INSTRUCTIONS TO FOLLOW
Below are records with pictures. Transcribe exactly, and only, the lines from the line with "Hanience Walk-In Greenhouse, 3" to the line with "Oreads, Misty, rain", both ends included, but not the pictures.

======== EXERCISE INPUT ========

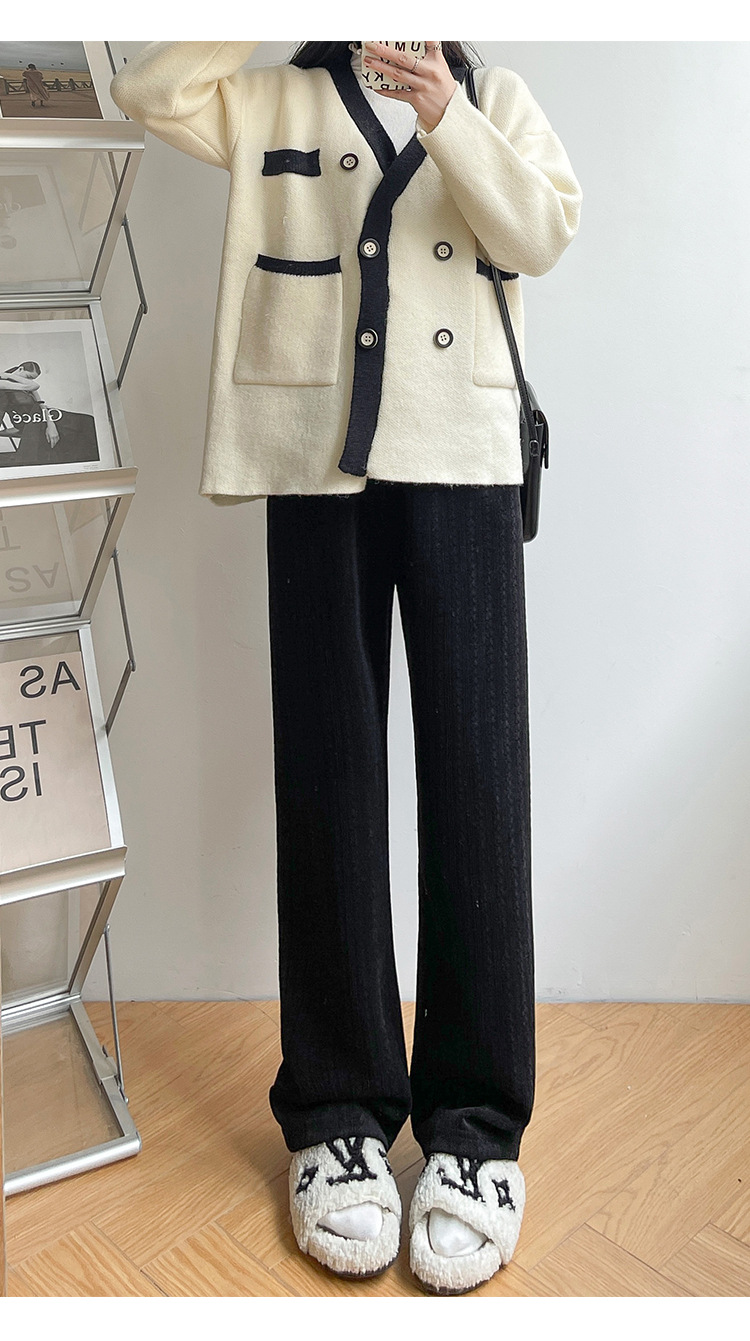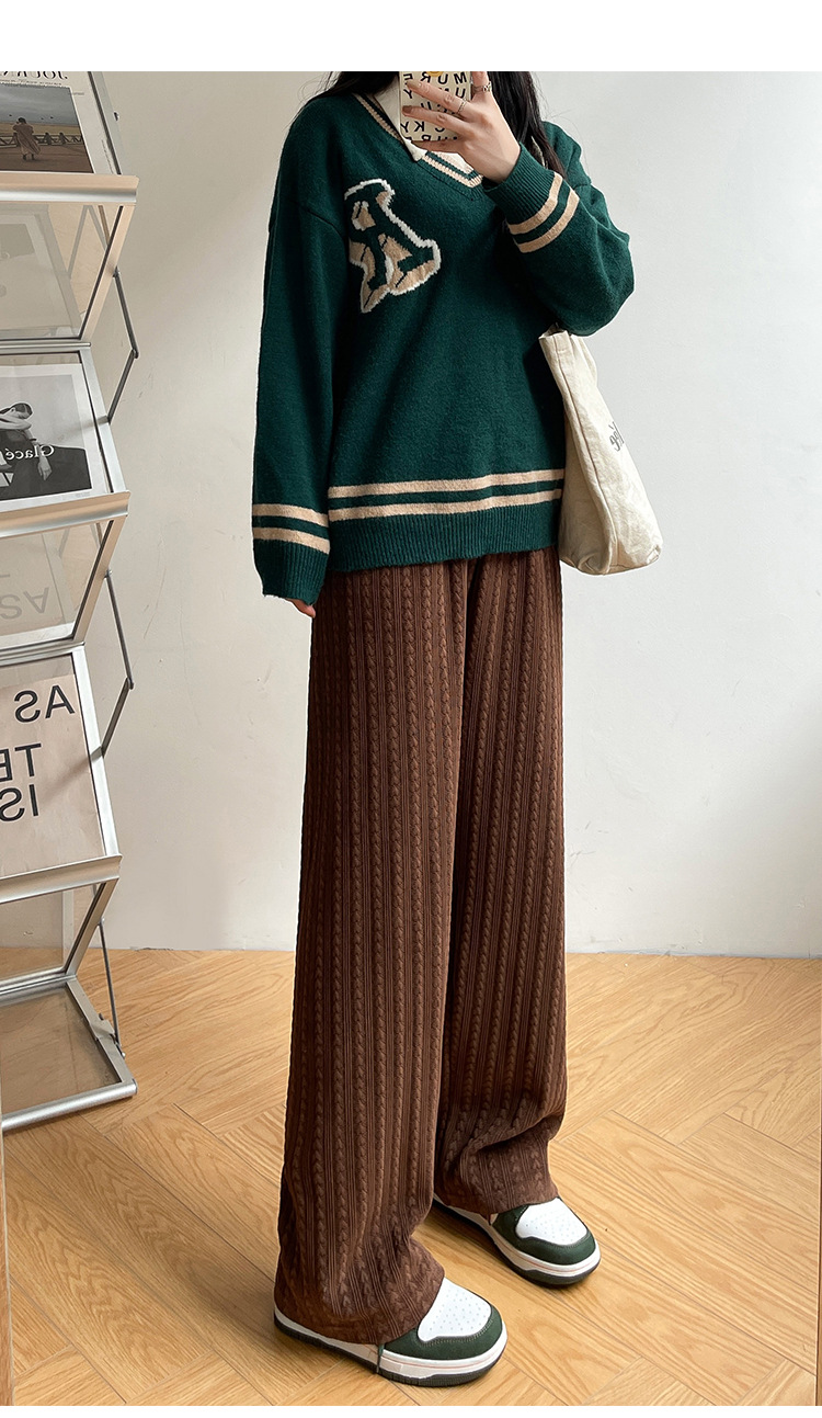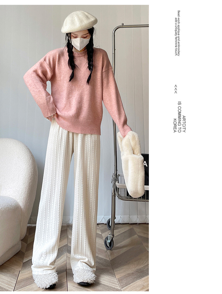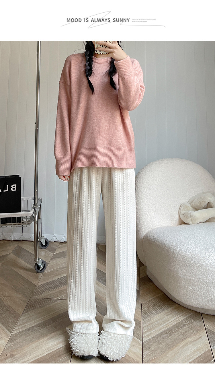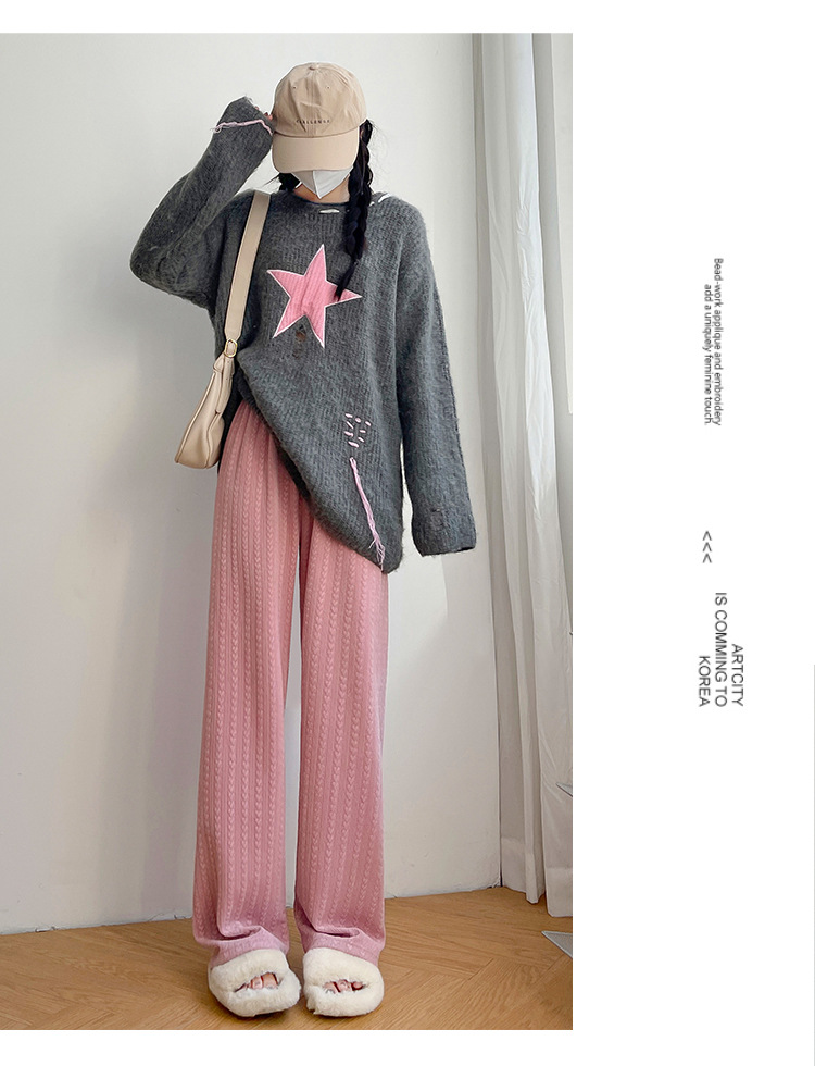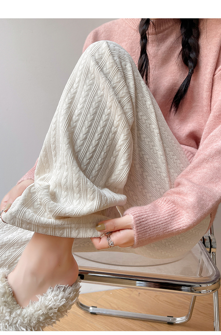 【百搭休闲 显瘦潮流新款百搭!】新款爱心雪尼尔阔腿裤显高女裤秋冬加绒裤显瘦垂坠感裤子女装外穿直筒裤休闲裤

========
======== EXERCISE INPUT ========

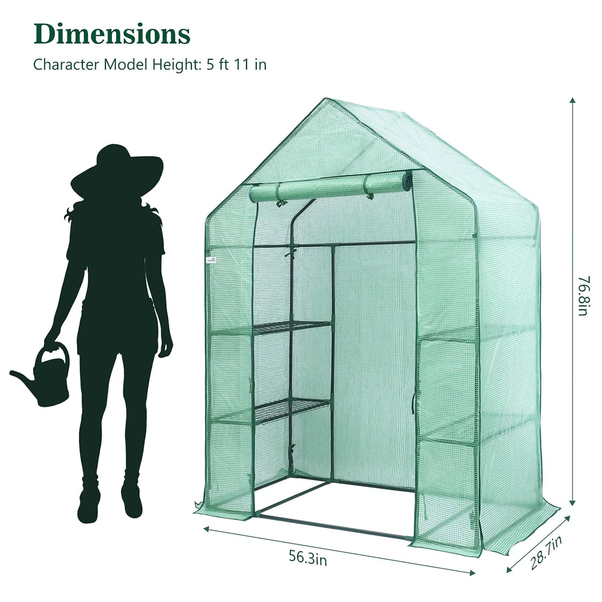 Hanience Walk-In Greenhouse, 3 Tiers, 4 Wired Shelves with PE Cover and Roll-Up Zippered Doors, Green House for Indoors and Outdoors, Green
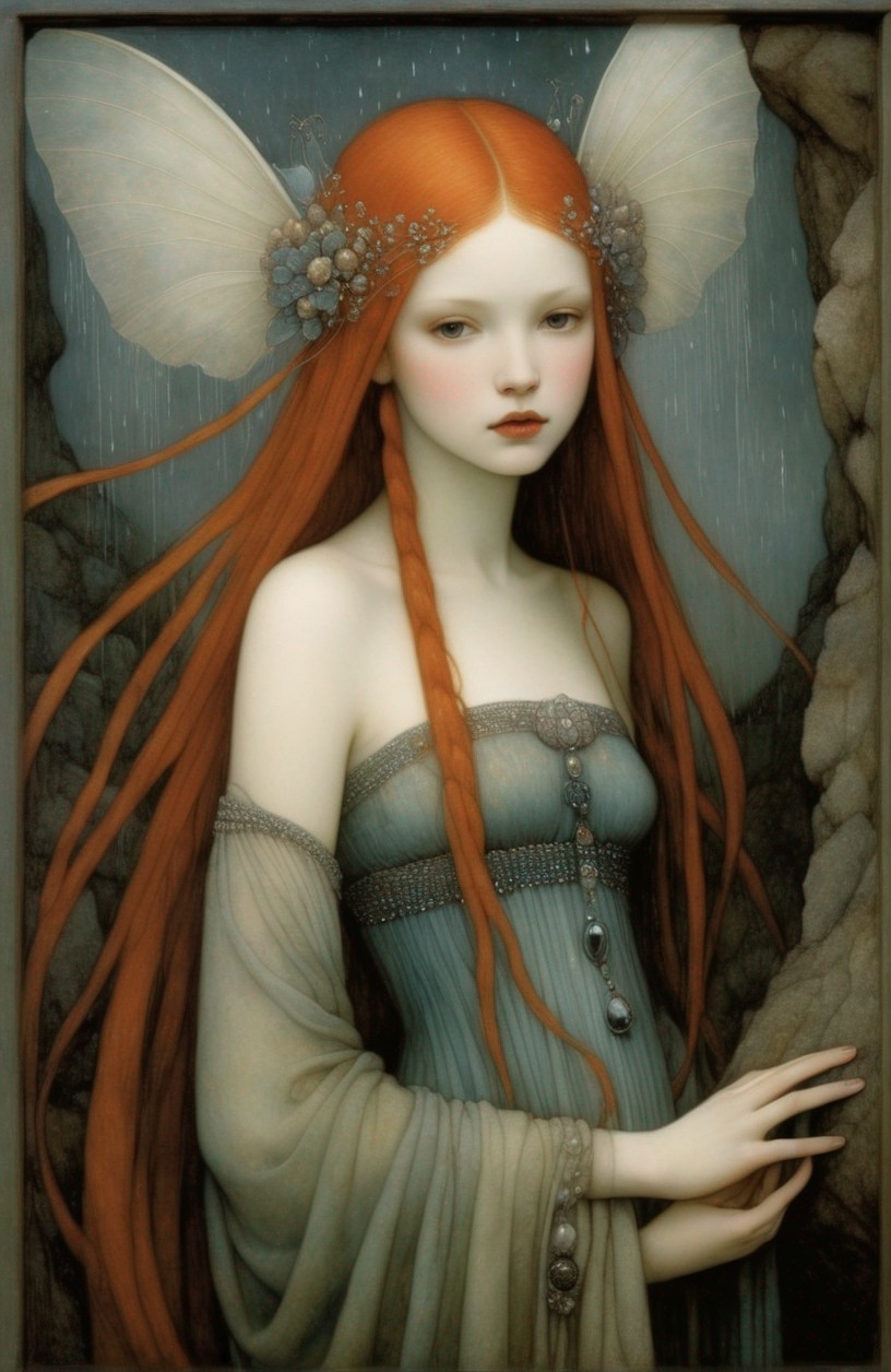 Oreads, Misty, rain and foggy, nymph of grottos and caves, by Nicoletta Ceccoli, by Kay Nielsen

========
======== EXERCISE INPUT ========

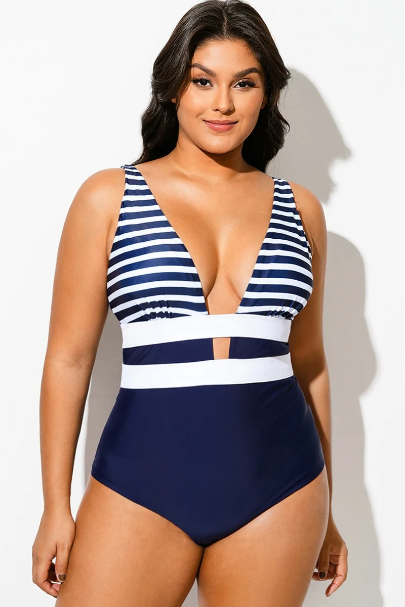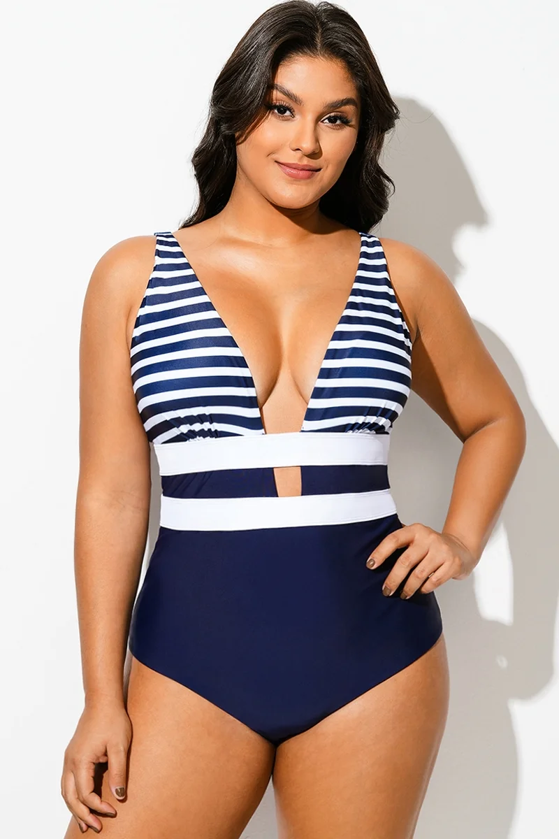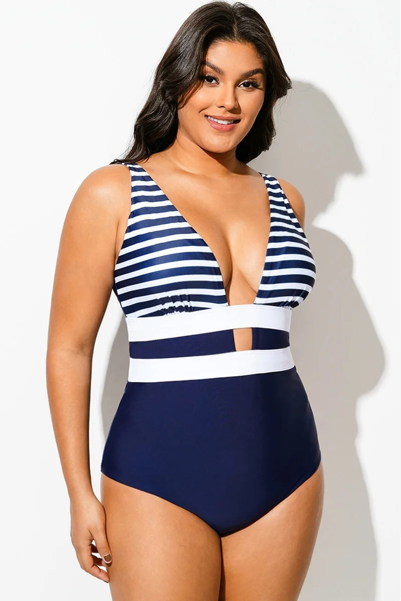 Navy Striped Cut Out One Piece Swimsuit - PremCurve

========

SOLUTION TO THIS EXERCISE
 Hanience Walk-In Greenhouse, 3 Tiers, 4 Wired Shelves with PE Cover and Roll-Up Zippered Doors, Green House for Indoors and Outdoors, Green
 Oreads, Misty, rain and foggy, nymph of grottos and caves, by Nicoletta Ceccoli, by Kay Nielsen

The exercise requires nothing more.